**Problem details**
Leave out the pictures, and retype only the lines from the beginning of the material through the line that contains "3.如果一个节点没有子节点或", including both.

**Given data**
[Start of Attachment]

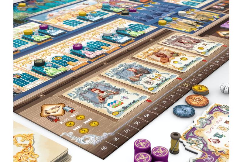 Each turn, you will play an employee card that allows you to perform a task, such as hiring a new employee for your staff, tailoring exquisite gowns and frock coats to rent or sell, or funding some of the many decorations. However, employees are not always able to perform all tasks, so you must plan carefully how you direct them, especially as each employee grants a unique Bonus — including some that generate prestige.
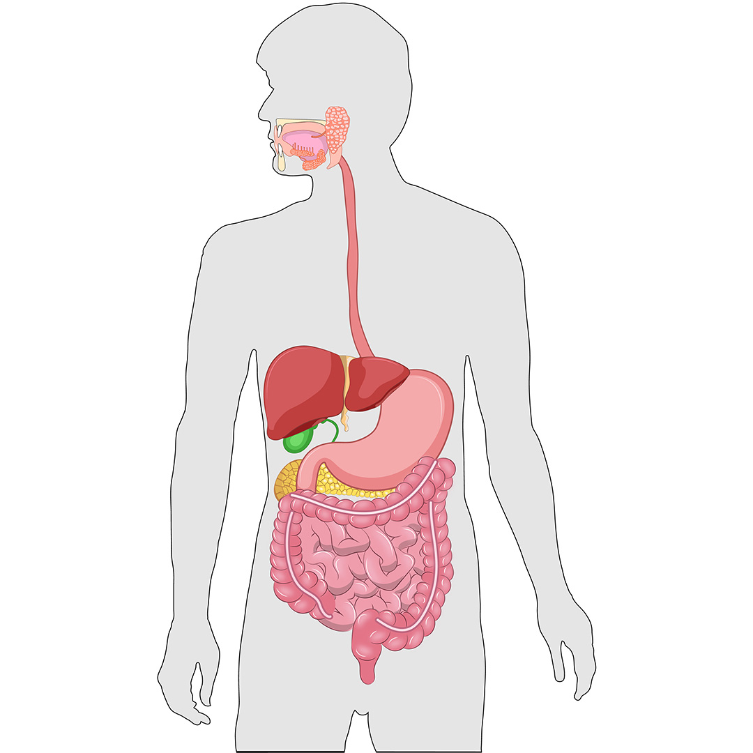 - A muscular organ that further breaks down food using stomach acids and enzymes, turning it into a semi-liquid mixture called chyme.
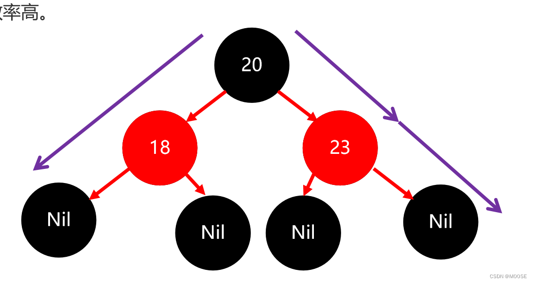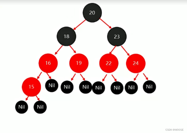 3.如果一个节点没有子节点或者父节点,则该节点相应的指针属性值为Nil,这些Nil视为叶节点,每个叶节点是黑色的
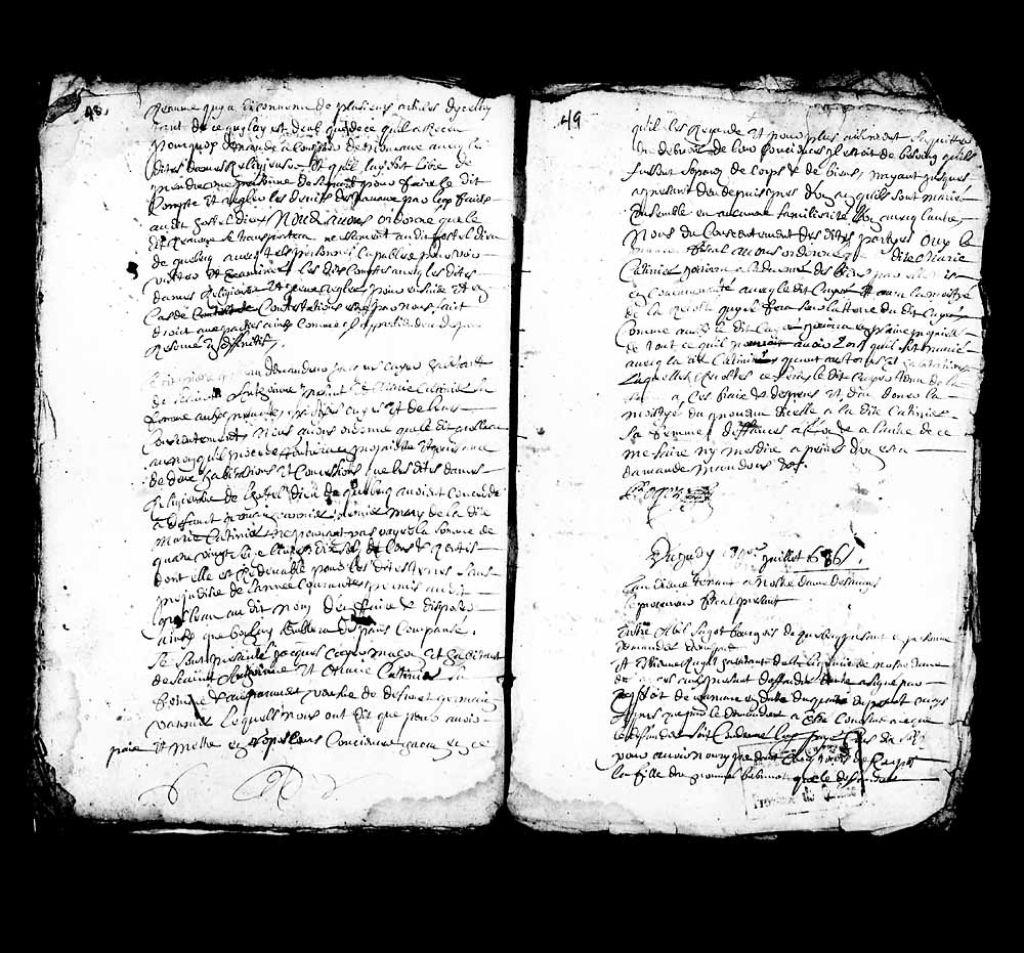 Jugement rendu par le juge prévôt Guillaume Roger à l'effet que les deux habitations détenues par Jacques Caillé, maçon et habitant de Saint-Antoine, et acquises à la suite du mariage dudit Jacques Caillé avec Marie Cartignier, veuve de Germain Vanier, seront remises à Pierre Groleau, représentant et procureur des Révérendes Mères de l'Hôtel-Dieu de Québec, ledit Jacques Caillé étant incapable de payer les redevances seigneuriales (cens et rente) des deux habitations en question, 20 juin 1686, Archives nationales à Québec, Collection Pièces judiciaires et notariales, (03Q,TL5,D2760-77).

[End of Attachment]

**Solution to the exercise**
 Each turn, you will play an employee card that allows you to perform a task, such as hiring a new employee for your staff, tailoring exquisite gowns and frock coats to rent or sell, or funding some of the many decorations. However, employees are not always able to perform all tasks, so you must plan carefully how you direct them, especially as each employee grants a unique Bonus — including some that generate prestige.
 - A muscular organ that further breaks down food using stomach acids and enzymes, turning it into a semi-liquid mixture called chyme.
 3.如果一个节点没有子节点或者父节点,则该节点相应的指针属性值为Nil,这些Nil视为叶节点,每个叶节点是黑色的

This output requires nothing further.